**Data extract**
▼
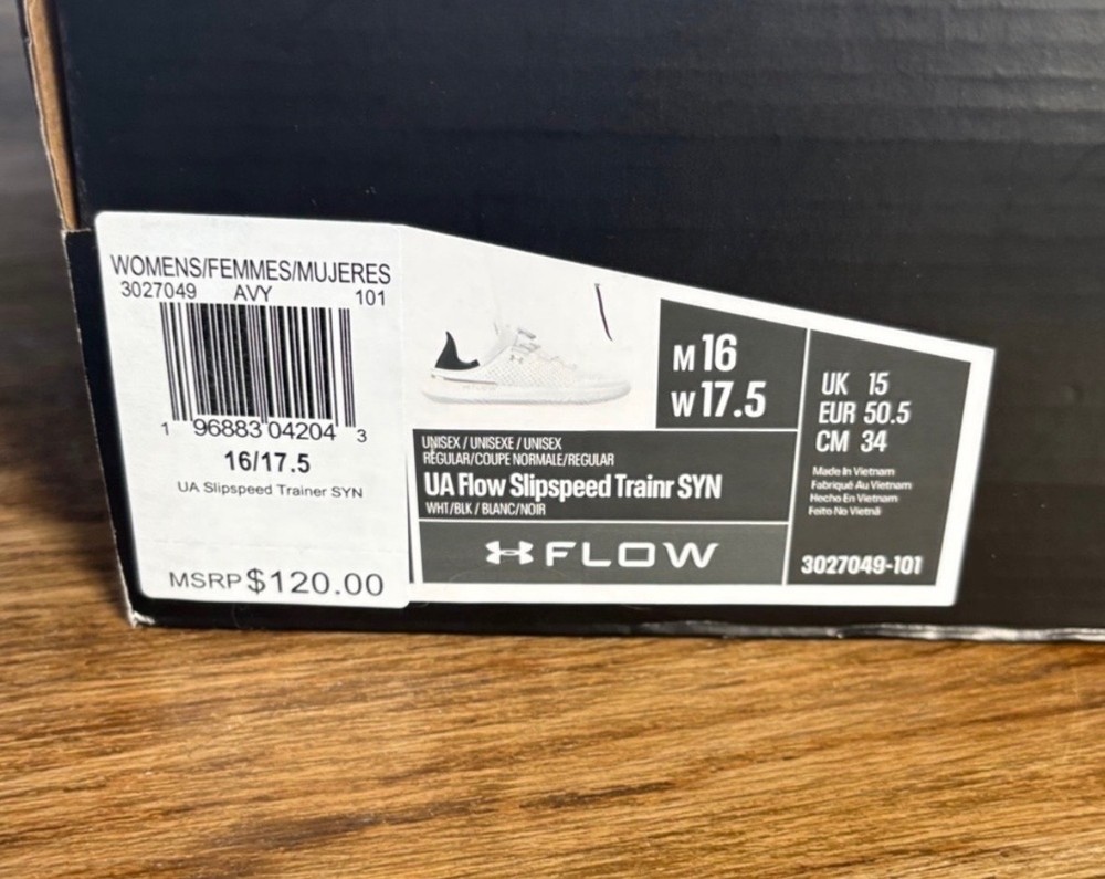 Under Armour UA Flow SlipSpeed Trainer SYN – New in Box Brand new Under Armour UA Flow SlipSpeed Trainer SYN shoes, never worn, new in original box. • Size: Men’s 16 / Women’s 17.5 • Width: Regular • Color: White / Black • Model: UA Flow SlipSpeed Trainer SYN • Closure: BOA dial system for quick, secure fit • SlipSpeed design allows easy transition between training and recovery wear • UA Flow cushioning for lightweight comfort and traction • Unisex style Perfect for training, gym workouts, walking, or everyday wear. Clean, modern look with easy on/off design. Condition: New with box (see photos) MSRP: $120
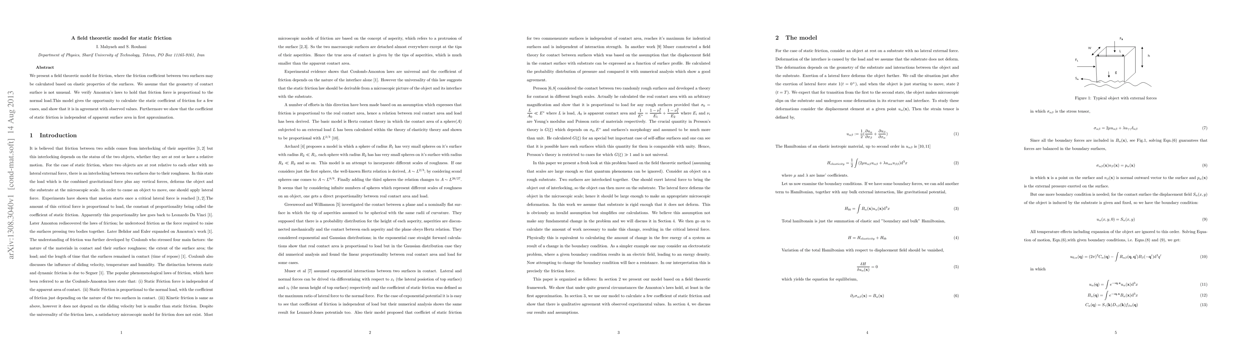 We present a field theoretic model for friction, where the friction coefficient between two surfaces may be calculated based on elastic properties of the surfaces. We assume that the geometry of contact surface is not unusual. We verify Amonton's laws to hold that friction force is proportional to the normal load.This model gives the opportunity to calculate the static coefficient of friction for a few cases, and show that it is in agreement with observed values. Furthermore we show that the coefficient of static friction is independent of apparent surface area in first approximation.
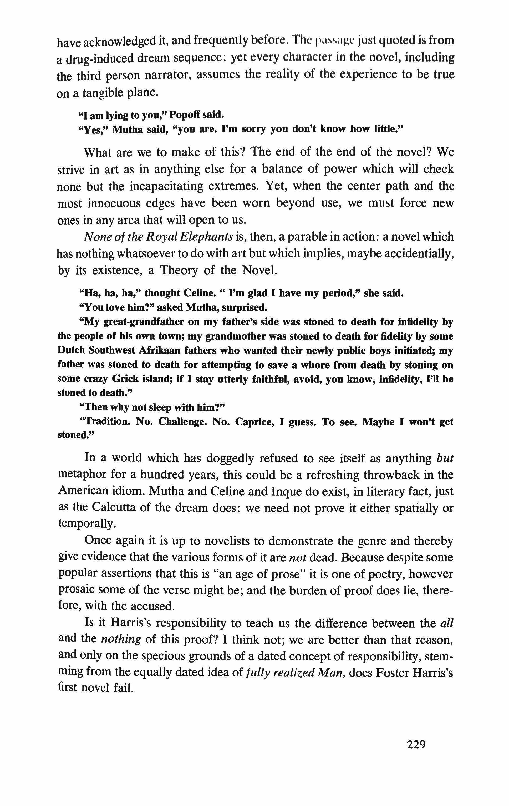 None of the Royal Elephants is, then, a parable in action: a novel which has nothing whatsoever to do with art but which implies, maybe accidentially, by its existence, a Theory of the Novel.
▲
▼
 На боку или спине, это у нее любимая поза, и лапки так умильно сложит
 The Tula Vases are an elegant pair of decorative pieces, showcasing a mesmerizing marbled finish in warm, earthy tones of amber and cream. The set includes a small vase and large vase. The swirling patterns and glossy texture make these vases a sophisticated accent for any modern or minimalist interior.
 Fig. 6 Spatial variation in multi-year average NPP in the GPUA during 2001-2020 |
▲
▼
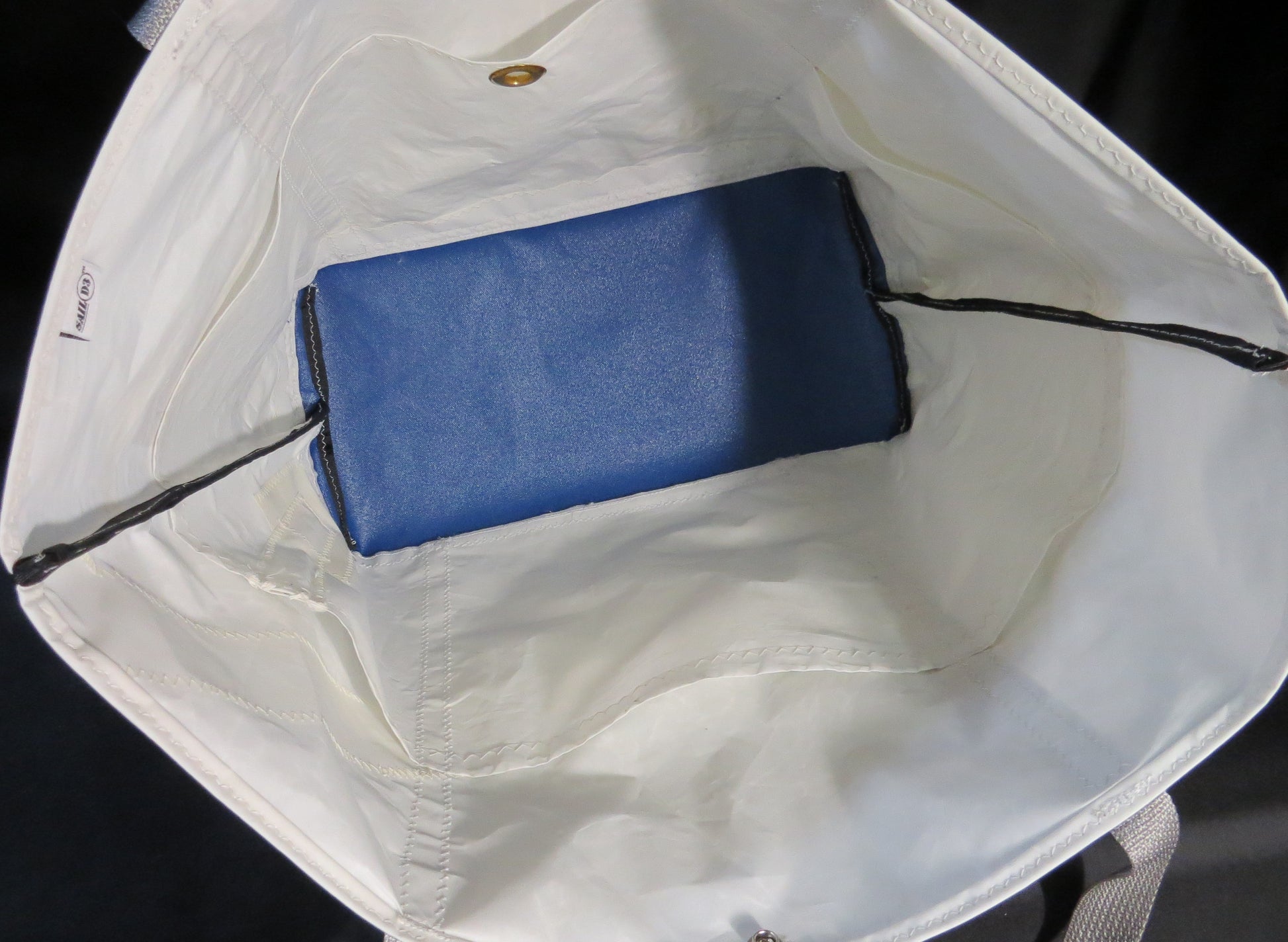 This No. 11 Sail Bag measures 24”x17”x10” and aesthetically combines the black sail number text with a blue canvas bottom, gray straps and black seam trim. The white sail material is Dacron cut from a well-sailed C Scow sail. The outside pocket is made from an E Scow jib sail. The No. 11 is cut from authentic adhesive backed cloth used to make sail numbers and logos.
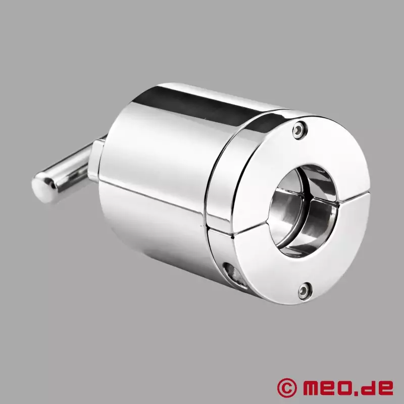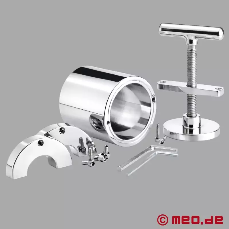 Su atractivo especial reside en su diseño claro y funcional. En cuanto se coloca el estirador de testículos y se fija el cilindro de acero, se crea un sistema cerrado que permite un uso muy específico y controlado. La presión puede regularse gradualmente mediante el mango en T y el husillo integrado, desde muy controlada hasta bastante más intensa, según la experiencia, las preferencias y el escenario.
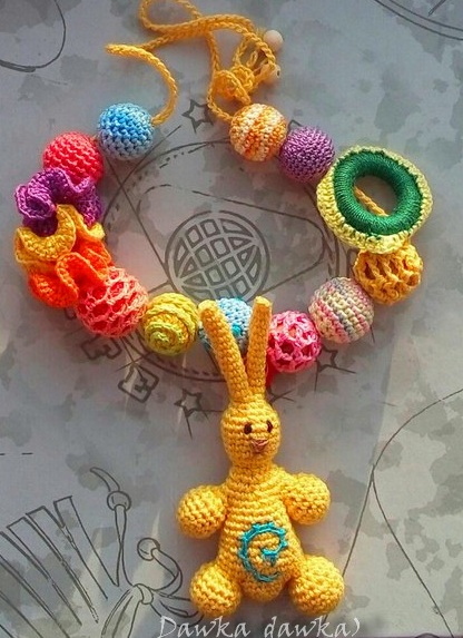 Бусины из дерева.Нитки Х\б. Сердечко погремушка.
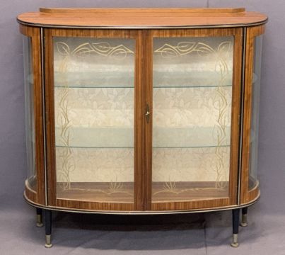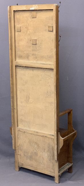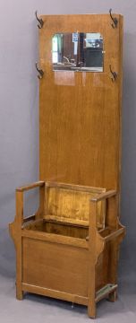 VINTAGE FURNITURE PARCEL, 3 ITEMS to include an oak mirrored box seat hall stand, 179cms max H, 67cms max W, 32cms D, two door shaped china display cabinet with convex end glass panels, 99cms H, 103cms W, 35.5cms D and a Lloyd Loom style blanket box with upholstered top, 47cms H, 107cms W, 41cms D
▲
**Task goal**
Return the span of lines in the data above that opens at the line with "На боку или" and closes at the line with "Fig. 6 Spatial", exactly, ends included, nothing else.

**The answer**
 На боку или спине, это у нее любимая поза, и лапки так умильно сложит
 The Tula Vases are an elegant pair of decorative pieces, showcasing a mesmerizing marbled finish in warm, earthy tones of amber and cream. The set includes a small vase and large vase. The swirling patterns and glossy texture make these vases a sophisticated accent for any modern or minimalist interior.
 Fig. 6 Spatial variation in multi-year average NPP in the GPUA during 2001-2020 |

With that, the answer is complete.